After 10 years of follow-up, breast cancer mortality reduction observed in the trial decreased and lost significance, whereas most models predicted a fairly constant mortality reduction between 10- and 17-year follow-ups. Previous analysis of the CISNET models [29] illustrated that Model D, with tumor inception at the start of the sojourn time, has fast tumor progression on average, and Model E, with tumor inception prior to the start of the sojourn time, has the slowest tumor progression on average. These individual model structures affect the pattern in breast cancer deaths averted after age 49 when screening ceased, because cancers diagnosed in the control arm caused breast cancer death at a younger age in Model D and at a later age in Model E. Consequently, mortality reduction due to screening was greater at later ages (between 10- and 17-year follow-up) in Model E than in Model D. While the model structure of Model S is similar to that of Model E, Model S does not include DCIS, which implies no possible benefit in terms of mortality reduction from screen-detected DCIS. However, these otherwise screen-detected DCIS cases will likely be diagnosed as local stage small invasive tumors (size <1 cm.) in Model S with relatively high, and similar survival as DCIS cases. Model W is unique in that it simulates tumors with a limited malignant potential [25]. This may have resulted in a substantial amount of screen-detected tumors that did not cause breast cancer death during the 17-year follow-up. Consequently, Model W’s mortality reduction decreased slightly after age 49 despite their high rate of screen-detected cancers in the forties.

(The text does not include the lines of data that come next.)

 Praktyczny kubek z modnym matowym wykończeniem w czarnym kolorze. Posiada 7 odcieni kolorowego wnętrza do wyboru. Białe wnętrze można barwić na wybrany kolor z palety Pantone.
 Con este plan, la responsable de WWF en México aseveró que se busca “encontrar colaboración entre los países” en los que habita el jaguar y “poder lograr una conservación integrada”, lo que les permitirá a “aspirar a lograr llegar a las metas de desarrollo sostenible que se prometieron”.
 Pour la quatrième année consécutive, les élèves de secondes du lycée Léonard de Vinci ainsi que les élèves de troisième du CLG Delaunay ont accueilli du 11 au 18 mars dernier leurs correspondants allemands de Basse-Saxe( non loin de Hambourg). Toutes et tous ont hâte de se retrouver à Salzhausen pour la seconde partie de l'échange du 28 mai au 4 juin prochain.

In summary, at 10- and 17-year follow-up, the models reproduced the effects of annual screening in the forties on breast cancer mortality well within the trial’s confidence intervals [15]. In terms of model validation, it can be questioned what these model outcomes imply, as it is quite common to have relatively wide confidence intervals in randomized trials on cancer screening. The wide confidence intervals in the trial are partly due to the limited number of women included and breast cancer deaths observed in the trial. The models’ outcomes may be less sensitive to the number of women that are simulated because they simulated at least 2 million women in each arm of the trial, notwithstanding the fact that the models are ultimately based on observed data as well.

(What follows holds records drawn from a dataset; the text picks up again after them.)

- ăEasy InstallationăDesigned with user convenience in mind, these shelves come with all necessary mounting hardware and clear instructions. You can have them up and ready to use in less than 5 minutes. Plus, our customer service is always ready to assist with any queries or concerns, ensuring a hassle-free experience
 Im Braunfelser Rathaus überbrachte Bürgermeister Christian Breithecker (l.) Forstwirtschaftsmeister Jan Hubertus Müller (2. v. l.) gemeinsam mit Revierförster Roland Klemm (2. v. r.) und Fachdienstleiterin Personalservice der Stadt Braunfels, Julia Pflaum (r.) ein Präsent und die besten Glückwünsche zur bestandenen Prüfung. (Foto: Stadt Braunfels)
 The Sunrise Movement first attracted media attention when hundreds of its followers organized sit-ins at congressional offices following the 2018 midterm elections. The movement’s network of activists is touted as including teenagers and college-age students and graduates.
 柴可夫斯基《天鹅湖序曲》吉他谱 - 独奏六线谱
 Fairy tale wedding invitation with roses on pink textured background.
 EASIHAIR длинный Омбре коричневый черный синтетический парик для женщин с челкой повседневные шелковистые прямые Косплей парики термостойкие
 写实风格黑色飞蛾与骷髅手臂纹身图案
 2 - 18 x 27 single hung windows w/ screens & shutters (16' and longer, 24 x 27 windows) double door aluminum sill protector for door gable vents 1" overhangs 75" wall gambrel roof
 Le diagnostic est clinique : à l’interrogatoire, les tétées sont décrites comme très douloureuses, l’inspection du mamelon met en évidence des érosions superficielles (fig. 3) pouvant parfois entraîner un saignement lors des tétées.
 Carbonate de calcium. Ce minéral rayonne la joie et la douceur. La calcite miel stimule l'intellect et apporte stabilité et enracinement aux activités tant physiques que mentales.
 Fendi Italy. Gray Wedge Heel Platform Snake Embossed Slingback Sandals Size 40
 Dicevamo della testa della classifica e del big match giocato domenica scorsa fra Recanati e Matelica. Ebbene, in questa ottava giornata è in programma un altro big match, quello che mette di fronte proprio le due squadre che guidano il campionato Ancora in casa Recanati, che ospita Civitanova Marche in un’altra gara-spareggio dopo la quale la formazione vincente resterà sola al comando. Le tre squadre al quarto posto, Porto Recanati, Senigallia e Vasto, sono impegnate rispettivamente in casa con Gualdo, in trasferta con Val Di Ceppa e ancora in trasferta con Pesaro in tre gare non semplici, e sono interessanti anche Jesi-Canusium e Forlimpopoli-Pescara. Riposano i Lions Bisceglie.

The CISNET breast models used Age trial-specific model inputs and data sources applicable to the U.K., but we can still draw a comparison between the outcomes of this study and published results from a recent collaborative modeling study on screening in the United States [3]. In the U.S. study, we simulated annual screening from age 40 to 74 and compared it to annual screening from age 50 to 74. This implies that the difference in breast cancer deaths averted between these two scenarios over the women’s lifetime, is due to the effect of annual screening in the forties. Similar to the results of this analysis, the outcomes indicated that Model M and E avert the most breast cancer deaths from annual screening in the forties followed by Models W, S and D. In other words, the ranking of the models is fairly consistent when applied in another country with different model inputs.
This study presented the first external comparison performed by multiple breast cancer simulation models applied in a different country and setting. A strength of this analysis is that we used detailed observed de-identified trial data as model inputs. Another important strength is that we performed an independent external validation [1] in which no model calibration was performed to ensure credibility of the model outcomes.
Although the CISNET breast models used Age trial-specific model inputs and data sources applicable to the U.K., there were several limitations in this analysis. The trial did not collect data on breast cancer molecular sub-type and treatment, these were estimated based on U.K. data. It is possible that these data underestimated the actual treatment patterns of trial participants. That this is the case is suggested by the fact that all models had estimates for mortality reduction that were consistently lower than the point estimate from the trial. Moreover, when the models simulated the Age trial assuming all women received the most effective therapy available, the average model estimate was very close to trial result. [3] The lack of precision in being able to model the treatment of women in the Age trial is likely to have contributed more to the differences between model and trial results than the screening and natural history components of the models. Other limits include the fact that the models did not explicitly simulate screening in the control arm because the reported amount of unscheduled screening was low, and primarily due to symptomatic reasons. [17] While this may not affect conclusions of the simulations, it is a limitation.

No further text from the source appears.